Минут через десять Вологдин возвратился. В руке он нес зеленую эмалированную кружку, накрытую большим куском хлеба.
— Раз друг познается в еде, ешь, мама.
Попротестовав, Ольга Алексеевна отщипнула небольшой кусочек мякиша и запила чаем.
— Вкусно. Остальное сам доешь.
— Ну вместе давай!
— Тогда другое дело, — согласилась она и, разломив хлеб на два неровных куска, протянула больший Михаилу.
Они вспомнили ее прошлый приезд и трудный предоперационный разговор.
— Мама, ты тогда о дороге в эвакуацию рассказывала. Помнишь?
— Помню.
— Доскажи теперь.
— Что было? С грехом пополам устраивались. Детям надо одно, другое. Где взять? Дров мало. Сама зимой ездила на делянки, машины до ломоты в спине с нянечками да шофером грузила.
Вологдин горько усмехнулся, представив, как эта, по его довоенным, юношеским понятиям, «питерская барыня» поднимает в кузов полуторки здоровенные, нерасколотые чурки.
— Смеешься? В диковинку показалось? Да разве мы только дрова возили, пилили и кололи? Не перечислишь всех хлопот и забот. Зато все детишки живы-здоровы. Так что не зря старались, здоровье и силы в них вкладывали — орлы новые вырастут вам на смену… Ой, заговорились мы, Миша, — засуетилась Ольга Алексеевна. — Ненадолго я сегодня, обратный билет в кармане. Рада, очень рада, что у тебя все налаживается.
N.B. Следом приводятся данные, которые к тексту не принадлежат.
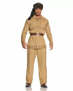 Die Trapper Verkleidung besteht aus einem Hemd und einer Hose aus Kunstleder sowie aus einem Gürtel und einer Trapper Mütze. Das Hemd wird vorne mit einer Schnürung verschlossen, an den Armen, am Saum, an den Schultern und an der Brust hat das Hemd Lederfransen. Auch die Hose ist an der Außennaht mit Fransen verziert. Der Gürtel hält mehr das Hemd zusammen als die Hose oben, das erledigt ein Gummizug im Hosenbund. Die typische Bieber-Mütze vervollständigt das Kostüm. Der Trapper braucht noch einen Krieger Tomahawk, die Indianer Halskette und dazu ein Trapper Bart braun.
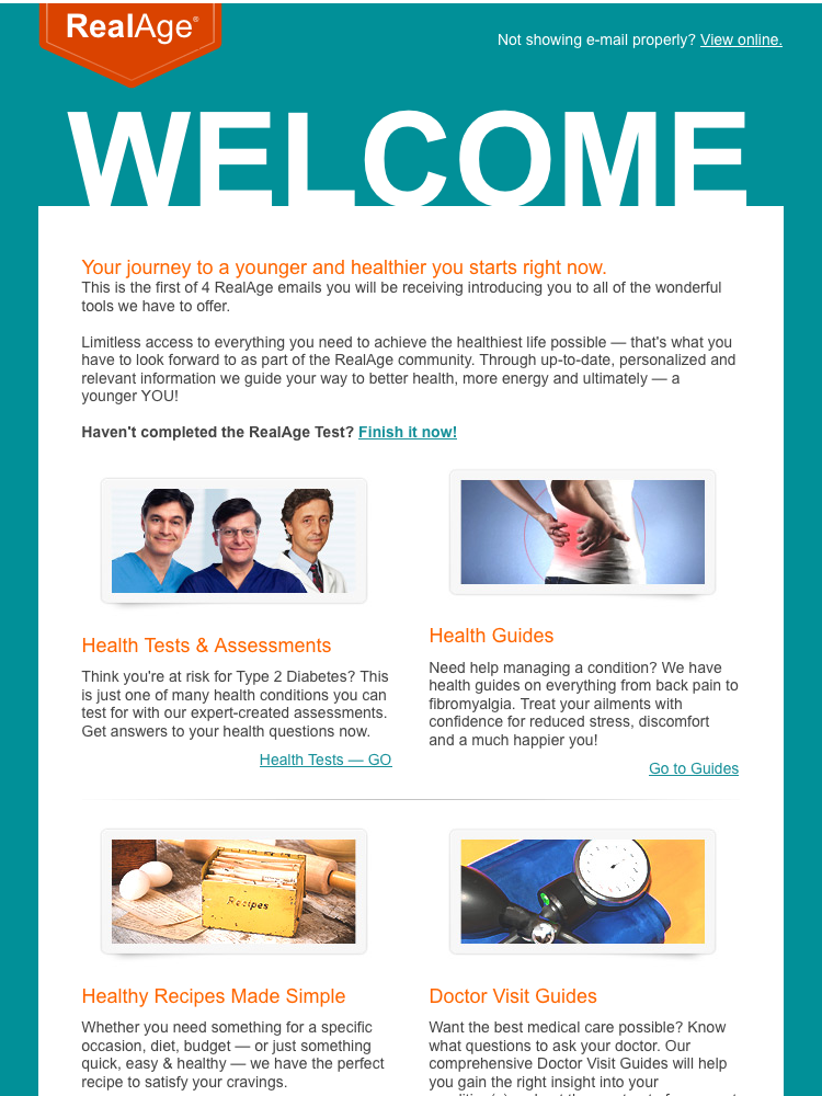 新しい顧客がメーリング リストにサインアップすると、ウェルカム メールで会社とその製品またはサービスを紹介できます。 プロモーションを含む簡単なウェルカム メールにすることも、以下のような詳細情報を提供するウェルカム メールを試すこともできます。
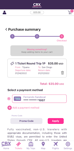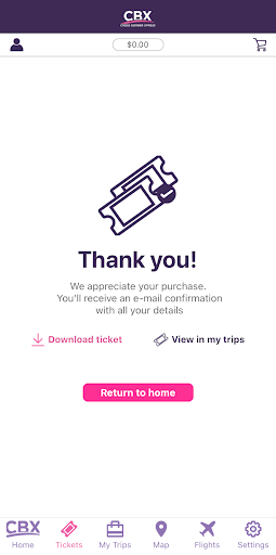 Make your crossing through CBX a touchless experience with this travel App. Purchase CBX tickets, reserve parking, add complimentary services, link your boarding pass, search for flight status, get exclusive offers, locate what you need using the interactive map and manage your travel checklist all from one place.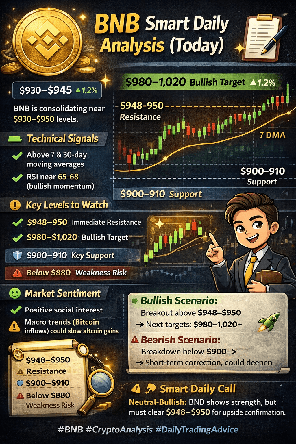 Jeśli BNB zamknie się powyżej silnego oporu w okolicach $948–$950 przy dobrym wolumenie → następne strefy docelowe mogą wynosić $980–$1,020+.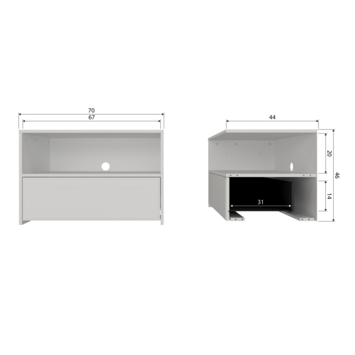 Het meubel is voorzien van één handige lade waarin je gemakkelijk kleine accessoires zoals kabels of afstandsbedieningen kunt opbergen. Met compacte afmetingen van 46 x 70 x 44 cm neemt Yissa weinig ruimte in beslag, terwijl het bovenblad plaats biedt voor een televisie of decoratieve items. De natuurlijke nerftekeningen van het grenenhout maken elk meubel uniek en geven een warme, sfeervolle uitstraling.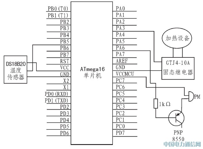 本系統主要采用高性能AVR單片機,GTJ4-10A固態繼電器,DS18B20溫度傳感器,報警輸出電路。主要系統電路圖略。
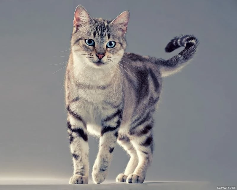 На снимке изображен кот с яркими голубыми глазами. Похоже, что он стоит на внутренней поверхности, возможно, на столе или полу, на нейтральном фоне, который выделяет животное. Выражение кошки кажется любопытным и настороженным.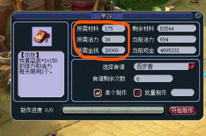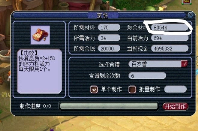 3、制作百岁香的NPC在朱紫国(49.41)选择"借厨房做烹饪"消耗175点材料值、活力与金钱制作。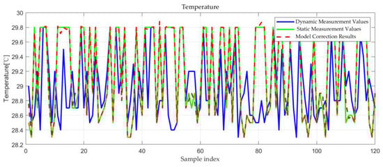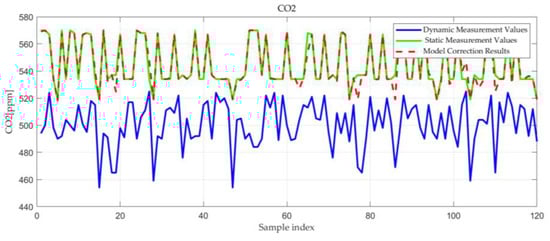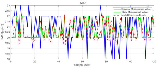 Table 4 summarizes the loss function of the BP neural network model, and Figure 5 illustrates the relationship between dynamic measurement values of the UAV and the model-corrected values with static measurement values. According to Table 4, the mean squared errors of the BP neural network models for the four air quality indices are all less than 0.1, and the coefficient of determination R2 exceeds 90%. From Figure 5, Figure 6, Figure 7 and Figure 8, it is evident that there is a significant deviation between the model-corrected values and the dynamic measurement values, whereas they align closely with the static measurement values overall. These results indicate that the BP neural network model performs well in terms of fitting, accurately capturing patterns within the data. In these figures (Figure 5, Figure 6, Figure 7 and Figure 8), the green line represents the static measurement values, which are the control group data measured by the sensors in an ideal stationary state. The blue line represents the dynamic measurement values, which are the data measured by the sensors mounted on the UAV during flight in the same series of positions. The red dashed line represents the model correction results, which is the sum of the dynamic measurement values and the corrected values predicted by the neural network model.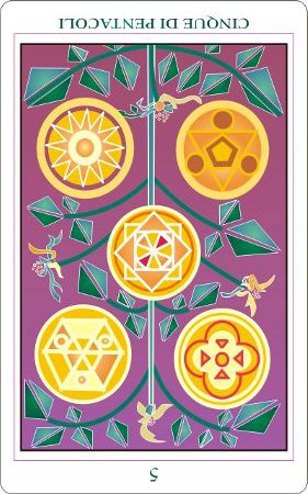 The 5 of Pentacles is an assignment-number card, and is about letting go of your securities. Pentacles element Earth (also) represents material posessions, so this card is about letting go of (some of) your worldly assets.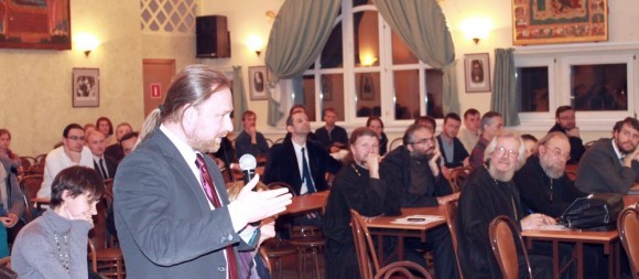 Существенные вопросы, связанные с осуществлением амбициозного издательского проекта, поставил в своем выступлении ответственный редактор «Журнала Московской Патриархии» С. В. Чапнин.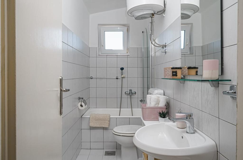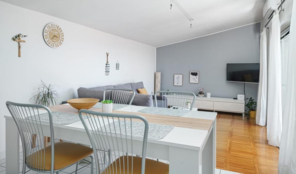 Apartma za štiri osebe, dve spalnici, velika dnevna soba s kuhinjo, kopalnica in velik balkon. Apartma je velik 65 m2. Objekt se nahaja v mirnem delu mesta. Deset minut hoje do plaže in centra.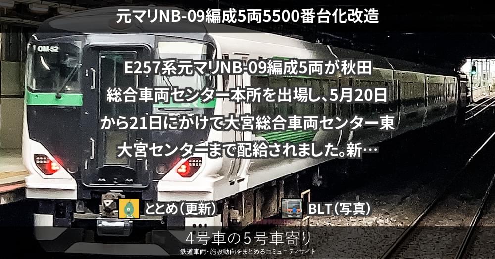 E257系元マリNB-09編成5両が秋田総合車両センター本所を出場し、5月20日から21日にかけて大宮総合車両センター東大宮センターまで配給されました。新オオOM-52編成です。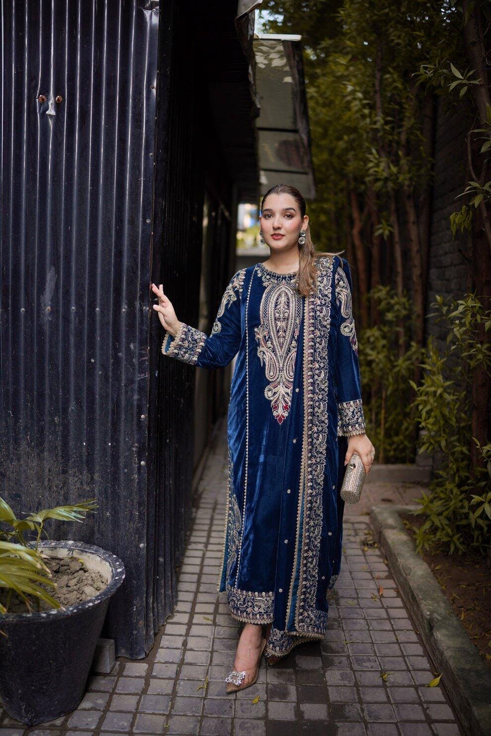 This ready-to-wear 3-piece velvet suit in blue is perfect for any formal occasion. It includes a velvet front, velvet shawl, and satin silk trousers. Luxurious, stylish, and ready to wear right out of the box.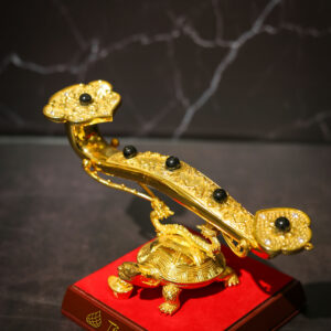 Tượng Cụ Rùa cõng Gậy Như Ý mạ vàng 24K là sự kết tinh giữa biểu tượng linh thiêng và nghệ thuật chế tác tinh xảo. Rùa là một trong Tứ Linh trong văn hóa Á Đông, đại diện cho trí tuệ – sự trường thọ – bền vững, còn Gậy Như Ý mang ý nghĩa thuận buồm xuôi gió, cầu được ước thấy.
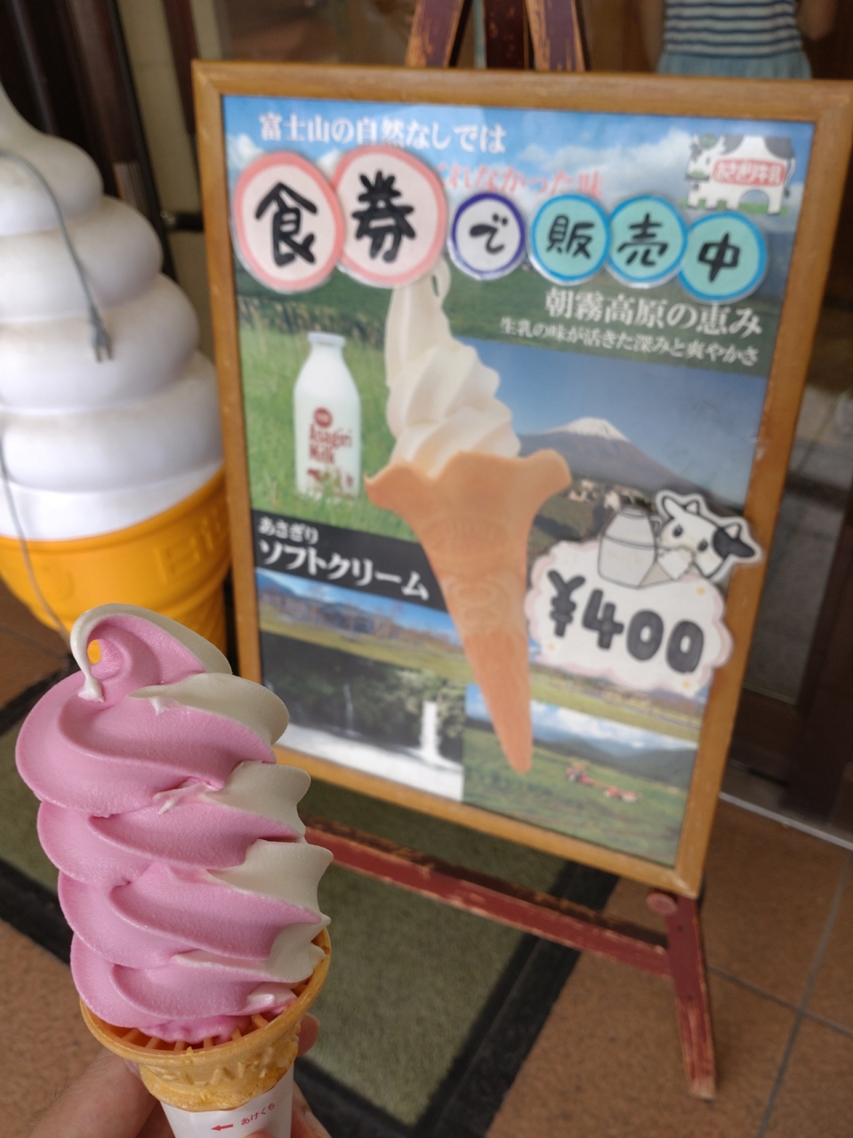 夏の朝に訪れました。山梨側から樹海の中を走り抜けると突然視界が開けた草原につながります。そこが朝霧高原。その名の通り朝から靄がかかって富士山はおぼろげにしか見えませんでした。牛にとっては最高の環境かも。牛乳がおいしいはずです。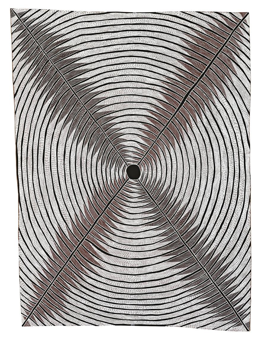 Of rare size and shape, this major bark by senior Yolngu woman Dhuwarrwarr Marika, daughter of renowned clan leader and artist Mawalan Marika, refers to the time before the first morning when the Djan'kawu (a man and his two sisters) left their residence of Buralku (an island of the ancestral dead) in a canoe to follow the morning star. As they travelled they sanctifed Dhuwa land,'singing the country and splitting it up into clan estates, designating sacred law (mayayin) song, dance, totem, language to each as they went.'1 The title of the work refers to the freshwater well with sacred and special qualities found on the sandy beach at Yalangbara. Rirratjingu song cycles celebrate how the two sisters, by plunging the sacred Malawan (digging stick) into the ground at this precise spot, gave birth 'from here' to all Dhuwa clans.
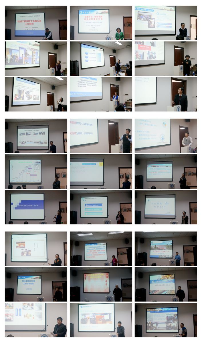 31个院级工会从群众性建功立业活动、教代会制度建设和作用发挥、师德师能建设、“小家建设”、特色立项、四点半工程等方面对2016年的特色工作进行了总结汇报。各院级工会结合本单位实际情况特色开展工会工作,有效促进中心工作开展、贴心服务教职工。自动化学院工会依托院青椒会开展“SYNC学术系列活动”搭建教师之间和师生之间自由分享、交流合作、协同创新的平台。机械学院工会充分发挥劳模先进群体的引领作用,加强劳模创新工作室创建、发挥良好的示范作用。经管学部工会坚持特色建设,继生日会、读书年、健康年之后,打造“音乐年”凝聚学部职工。设计总院工会特色开展劳动竞赛,开展“十佳设计师”、“十大管理服务先进个人”、“十大影响力项目”等活动激发全体职工建功立业。建工学院工会坚持三个角色(学院改革发展的促进者、和谐学院的建设者、教职工合法权益的维护者)蓬勃开展工会教代会工作。图书馆档案馆工会充分发挥图书馆的主阵地作用,以读者培训情景话剧、英莺细语活动、阅读推广讲堂、光影阅读、轻松学韩语等平台载体调动广大馆员参与到四点半工程中来。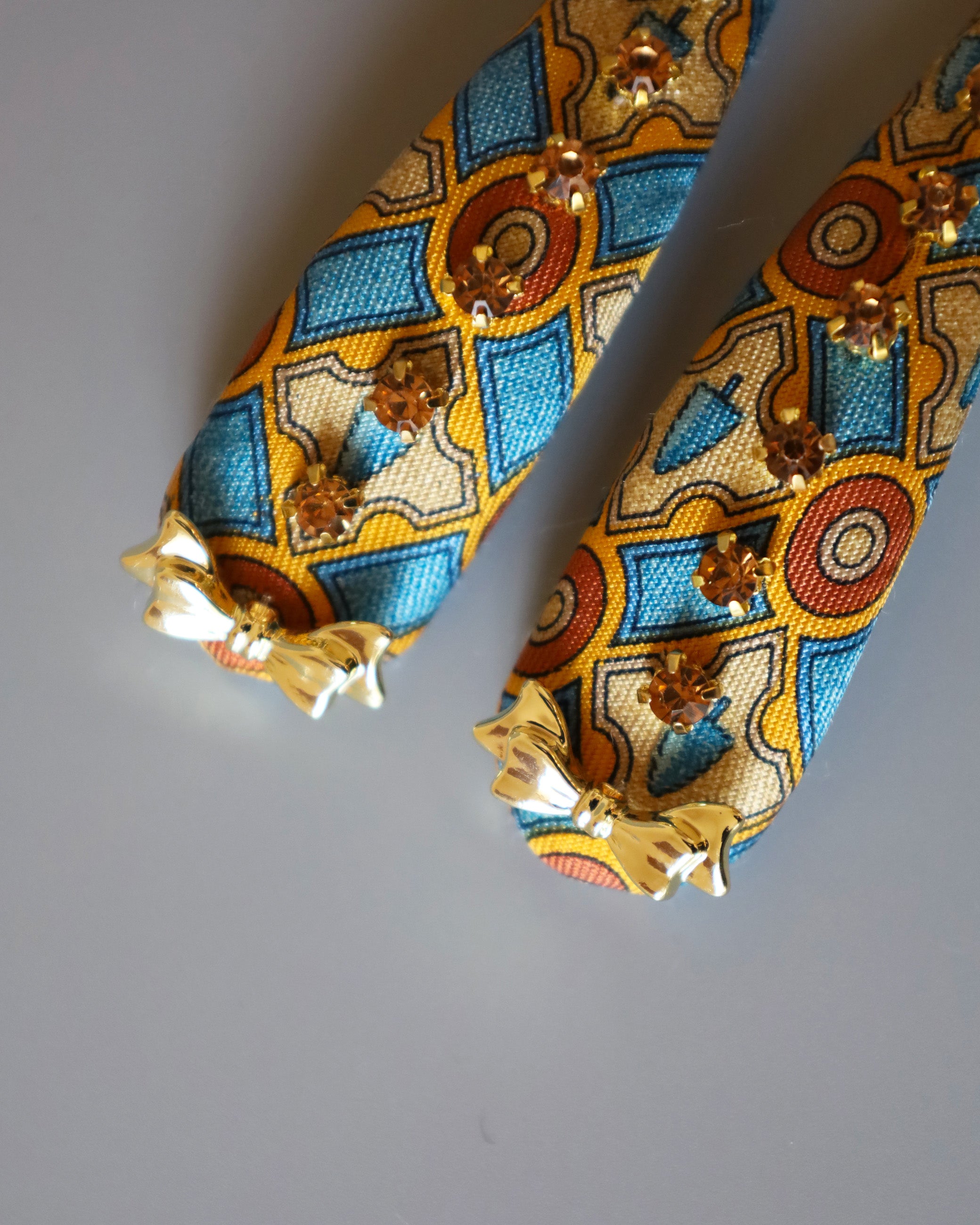 カラフルなボディの上にはオレンジブラウンのビジューのきらめきの他に、ゴールドのリボンパーツも配置。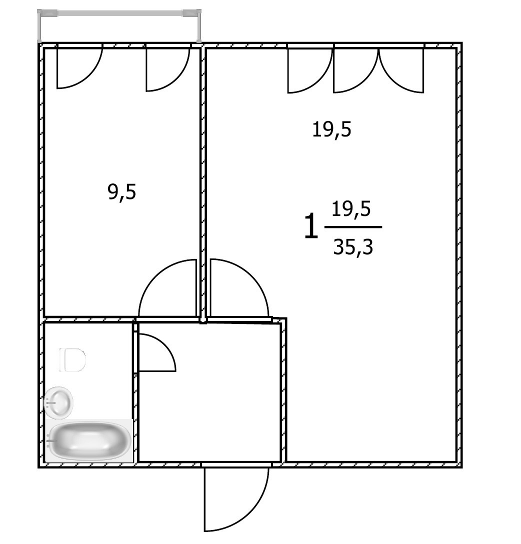 Общая площадь 35.3 м2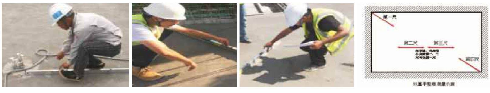 2.任選同一功能房間地面的2個(gè)對(duì)角區(qū)域,按與墻面夾角45度平方靠尺測量2次,加上房間中部區(qū)域測量一次,共測量3次。客/餐廳或較大房間地面的中部區(qū)域需加測1次;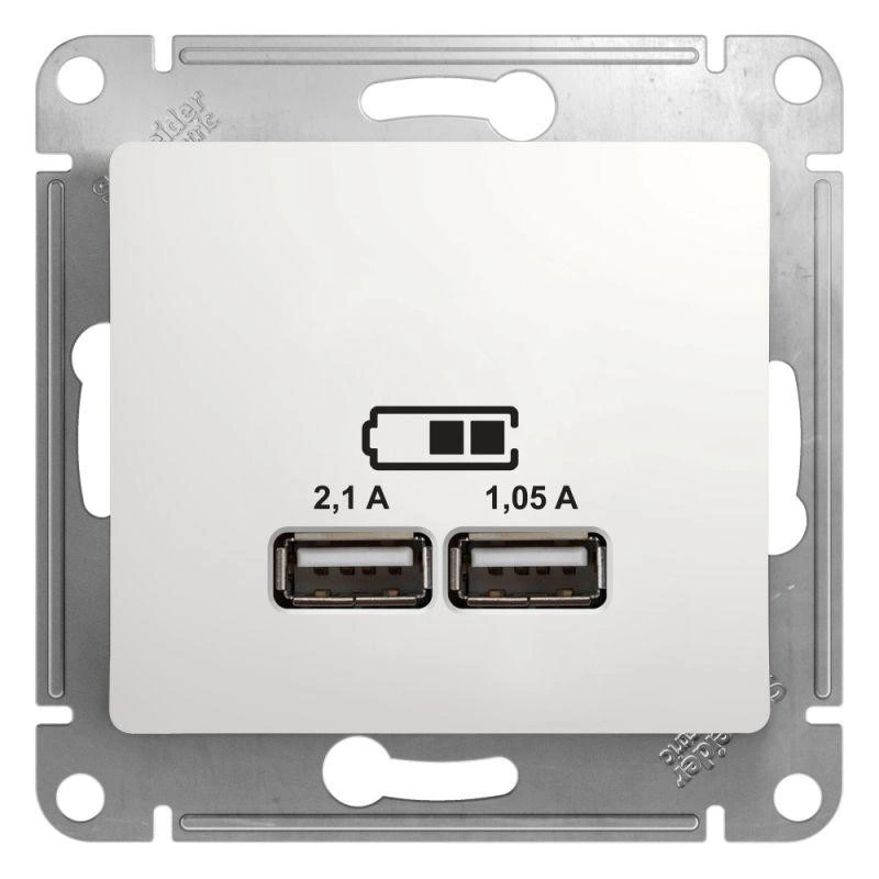 Полное описание: Розетка USB 2-м СП Glossa A+A 5В/2.1А 2х5В/1.05А механизм бел. SchE GSL000133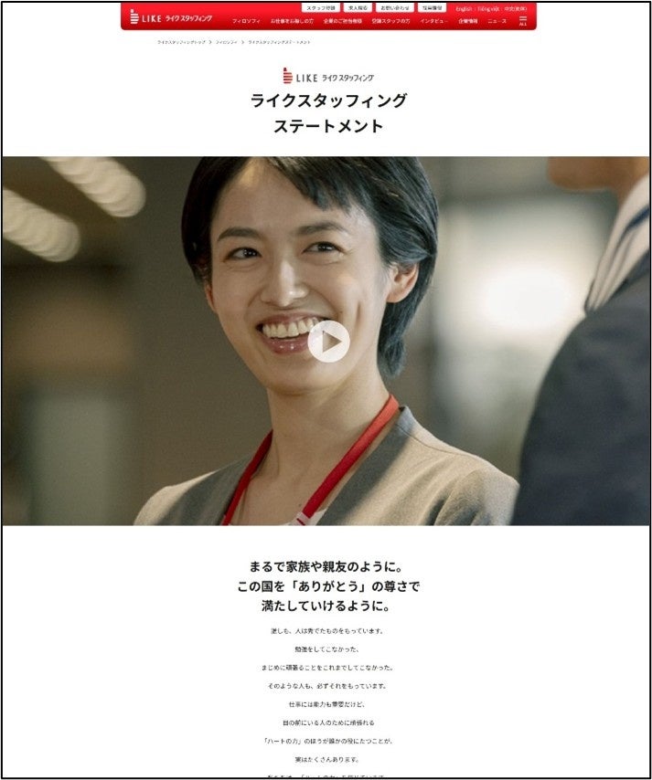保育・人材・介護の事業を展開するライク株式会社(東京本社:東京都渋谷区、代表取締役会長兼社長 グループCEO:岡本 泰彦、以下 ライク)の子会社で、総合人材サービス事業を営むライクスタッフィング株式会社(本社:東京都渋谷区、代表取締役社長:宮郷 剛士、以下 ライクスタッフィング)は、企業ステートメントに込めた想いをより多くの方に届けるため、コーポレートサイトをリニューアルいたしました。

— Верно, верно. Все, кого со мной привезли, давным-давно выписались, скоро и мой черед.
— На фронт, конечно, решил?
— Буду проситься снова в авиацию.
— Ну и славненько, — обняла зятя Ольга Алексеевна. — Летай в небе, да не забывай, что фашисты с землей нашей сделали!
Вологдин нежно поцеловал руки Ольги Алексеевны. Так душевно и открыто, как разговаривали они здесь, в госпитале, еще никогда в жизни не говорили. Недосуг было. Теща-то время нашла бы, но вот они с Катей всегда куда-то спешили, а дома старались вдвоем остаться…
— Спасибо тебе за добрую душу, мама! — улыбнулся Вологдин. — За все, за все спасибо — за детишек, за Катю, за меня…
Каждые сутки прибавляли сил, и наконец настал черед покидать палату.
— Нога не беспокоит, зажила, — уверял Михаил профессора. — Душа вот болит.
— Раньше не верил, что не болит левая, — заметил хирург, массируя стопу, — хотя вы этаким бодрячком прикидывались, теперь верю. И о чем душа болит, догадываюсь: вдруг старик, так ведь вы меня за глаза называете, от летной работы отстранит? Думаете так?
Михаил покраснел. Боялся этого и врача действительно стариком называл, хотя знал, что тому немного за сорок…
— Думал, — признался он и, заметив во взгляде профессора лукавую улыбку, добавил: — Не на фронт ведь прошусь, на флот, на Балтийский.
— Э, батенька, — перестал улыбаться хирург, — что в лоб, что по лбу! Банальной фразы о том, что и без вас сил врага добить хватит, произносить не хочу.